Provided entries:

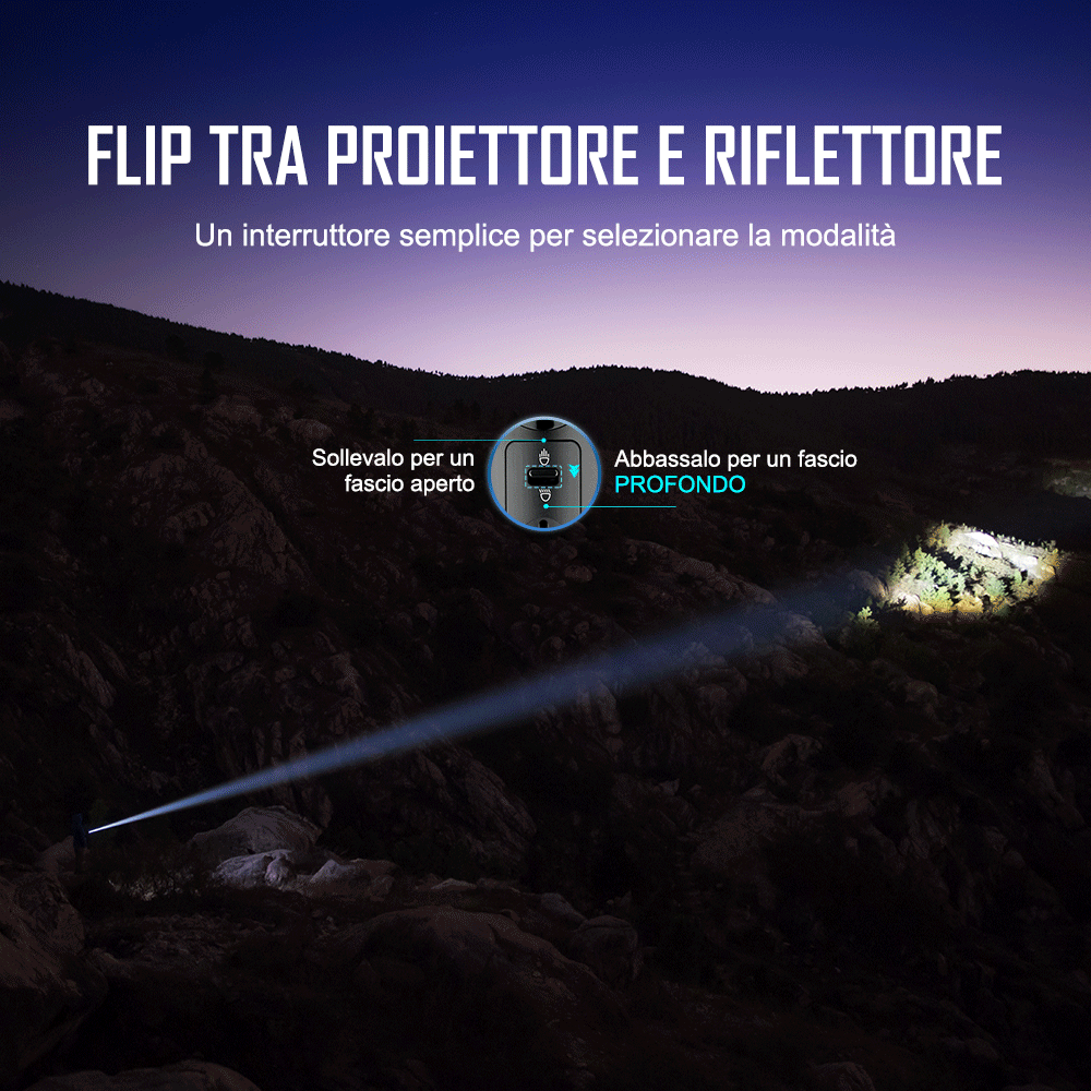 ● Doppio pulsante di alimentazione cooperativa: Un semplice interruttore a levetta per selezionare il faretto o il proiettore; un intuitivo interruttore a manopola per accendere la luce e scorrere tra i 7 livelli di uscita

--

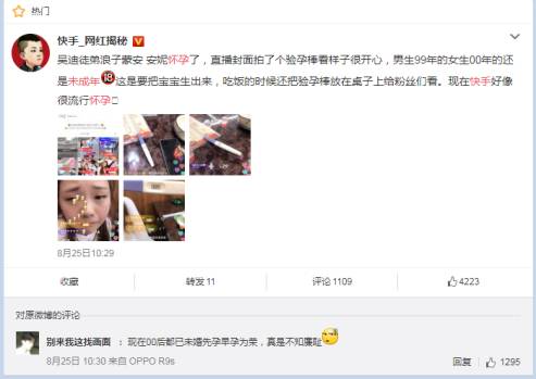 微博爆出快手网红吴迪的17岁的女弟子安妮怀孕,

...

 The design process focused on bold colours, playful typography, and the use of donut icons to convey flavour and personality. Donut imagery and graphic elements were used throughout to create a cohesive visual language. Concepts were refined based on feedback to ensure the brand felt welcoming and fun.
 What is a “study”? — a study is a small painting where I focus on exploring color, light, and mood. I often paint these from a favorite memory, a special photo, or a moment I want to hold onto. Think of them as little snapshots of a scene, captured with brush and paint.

Exercise instructions: Using the data above, reproduce exactly the lines from the line that contains "The design process" through the line that contains "brush and paint.", including both.

Result of this task:
 The design process focused on bold colours, playful typography, and the use of donut icons to convey flavour and personality. Donut imagery and graphic elements were used throughout to create a cohesive visual language. Concepts were refined based on feedback to ensure the brand felt welcoming and fun.
 What is a “study”? — a study is a small painting where I focus on exploring color, light, and mood. I often paint these from a favorite memory, a special photo, or a moment I want to hold onto. Think of them as little snapshots of a scene, captured with brush and paint.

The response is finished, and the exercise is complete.